André Joing n'a pratiqué qu'un sport : le tennis de table. : La Voix du Nord PAR FRÉDÉRIC SOURICE
dunkerque@lavoixdunord.fr PHOTO JEAN-CHARLES BAYON
Quand on est arrivé à son domicile, pas loin de la digue de Malo, on a trouvé André Joing dans son fauteuil. La jambe gauche étendue sur une chaise.
Engoncée surtout, dans un plâtre. On a vite compris que la situation ne l'amusait pas. Que cette maudite rupture du tendon d'Achille, survenue la semaine passée, l'obligerait à un repos forcé dont il n'est pas coutumier. Envolées les vacances au Cap d'Agde. Disparus pour un temps les entraînements réguliers à la salle Verrièle, au club dunkerquois. « On en est réduit aux mots croisés, à 45 jours sans rien faire », rumine André Joing, qui conserve à portée de main le guide de pratique du bridge, l'une de ses passions. L'octogénaire conserve des fourmis dans les jambes. Tennis de table, bridge, randonnée, danse aussi, structurent son agenda hebdomadaire. « On fait de la danse de salon, du pasodoble. Évidemment pas du rock acrobatique... Mais celui qui reste chez lui devant sa télé est foutu » affirme l'homme.

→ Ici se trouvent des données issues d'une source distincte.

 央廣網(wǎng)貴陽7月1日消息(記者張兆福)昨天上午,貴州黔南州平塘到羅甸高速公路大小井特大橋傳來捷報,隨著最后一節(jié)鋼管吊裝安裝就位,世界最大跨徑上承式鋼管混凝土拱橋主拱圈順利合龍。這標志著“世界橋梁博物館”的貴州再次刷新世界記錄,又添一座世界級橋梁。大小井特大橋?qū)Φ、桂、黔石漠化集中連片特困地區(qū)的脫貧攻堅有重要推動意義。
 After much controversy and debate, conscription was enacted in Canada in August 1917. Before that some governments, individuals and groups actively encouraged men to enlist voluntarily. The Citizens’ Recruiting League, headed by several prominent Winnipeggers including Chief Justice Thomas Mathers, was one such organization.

Cette année, le Dunkerquois originaire de Valenciennes s'était fixé un défi : devenir champion du monde vétéran. Il glissait dans une nouvelle classe d'âge (85 ans, nés en 1923 ou avant) et savait qu'il pouvait convoiter les lauriers. Mission accomplie au Brésil, face à un Anglais dont il mit un set à décrypter le jeu. « J'ai perdu la première manche. Le temps de comprendre comment il jouait. Puis, j'ai gagné les trois suivantes. C'est ce qui me plaît dans le tennis de table : chercher le défaut, la faiblesse de l'adversaire. Et une fois qu'on a vu la faille, jouer en fonction ».
Il n'avait pas ménagé sa préparation, s'entraînant quasi quotidiennement salle Verrièle. Ses efforts ont payé, puisqu'outre ce titre individuel, il a ramené une médaille d'argent de Rio, dans un double mixte joué avec un pongiste allemand.

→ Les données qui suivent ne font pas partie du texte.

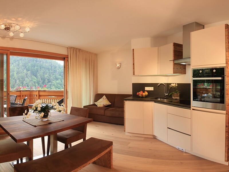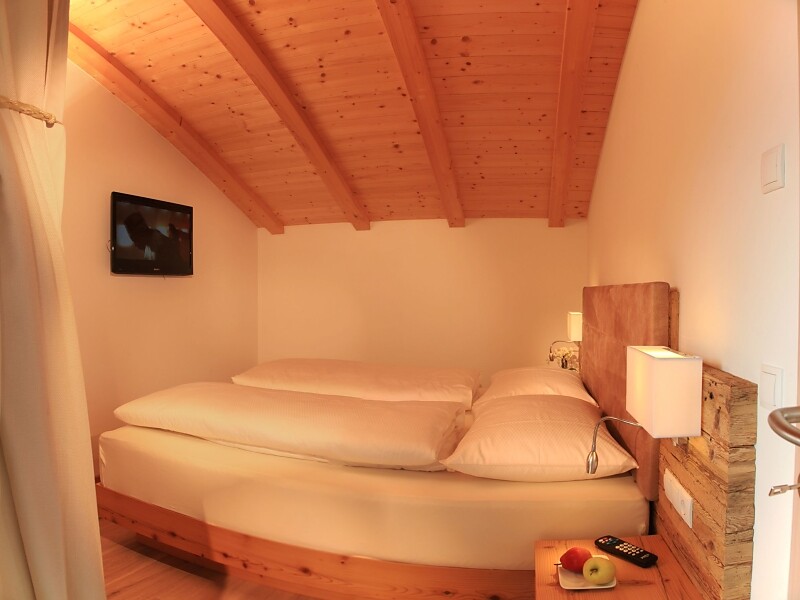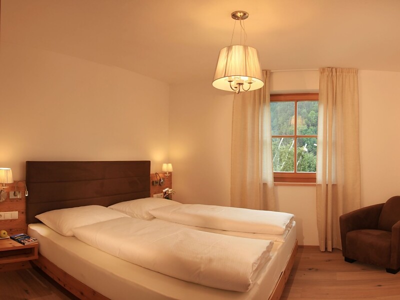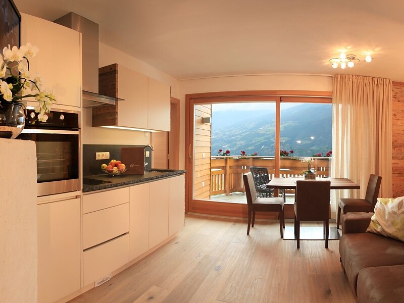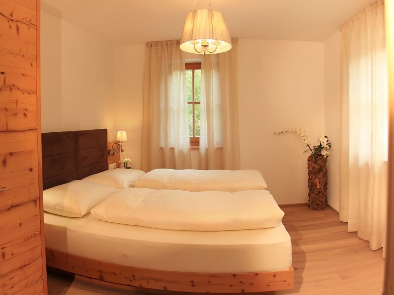 Sie verfügt über eine Kochnische mit Cerankochfeld, Backofen, Spülmaschine, Kühlschrank, Kaffeemaschine, Staubsaugeranlage, eine gemütliche Wohnsuite mit ausziehbarer Schlafcouch, offener Galerie mit Blick auf unsere Apfelanlage und direktem Zugang zur großen Terrasse. Ein Schlafzimmer mit Doppelbett und Badezimmer mit Badewanne, WC und Waschtisch sowie direktem Zugang zur Wohnsuite und zum Balkon. Ein zweites Schlafzimmer mit Doppelbett und Zugang zu Balkon und Badezimmer mit Dusche, WC, Bidet und Waschtisch.

La relation entre André Joing et la petite balle est une longue histoire. Elle se dessine à l'enfance, à Valenciennes. « Mon père était décédé.
Ma mère a repris un café. Notre maison était au 88, rue de la rue. Le café au 92. Il y avait une table de ping-pong. On jouait donc contre ceux qui le souhaitaient. Je n'ai pas fait d'autres sports. Pourquoi le cacher ? On n'avait pas beaucoup de moyens et le tennis de table est un sport qui ne coûte pas cher ».
À sa splendeur, à la fin de la seconde guerre mondiale, André rentre dans le Top 500 français. « En 1947, je me suis marié à une Gravelinoise. Elle ne voulait pas que je joue. J'ai arrêté ». Une éclipse de vingt ans, un retour furtif d'une année pour mettre le pied à l'étrier du fiston. Et vingt nouvelles années sans ping. « On s'est séparé avec ma femme. J'ai alors repris à 65 ans. Et j'ai recommencé en fait ce qui m'avait été interdit ».
Pas une mauvaise idée. Et dans ses aventures, il est suivi par Angèle, la soeur aînée. Élevée aussi au ping dans le café familial, elle fut championne de France toutes catégories en 1946. En 1994, elle se cassa la jambe, fut opérée dans la foulée du col du fémur. Mais n'abandonna pas pour autant le jeu. À le voir sur sa chaise, on a vite compris qu'André Joing imagine pareille trajectoire. Reprendre et vite.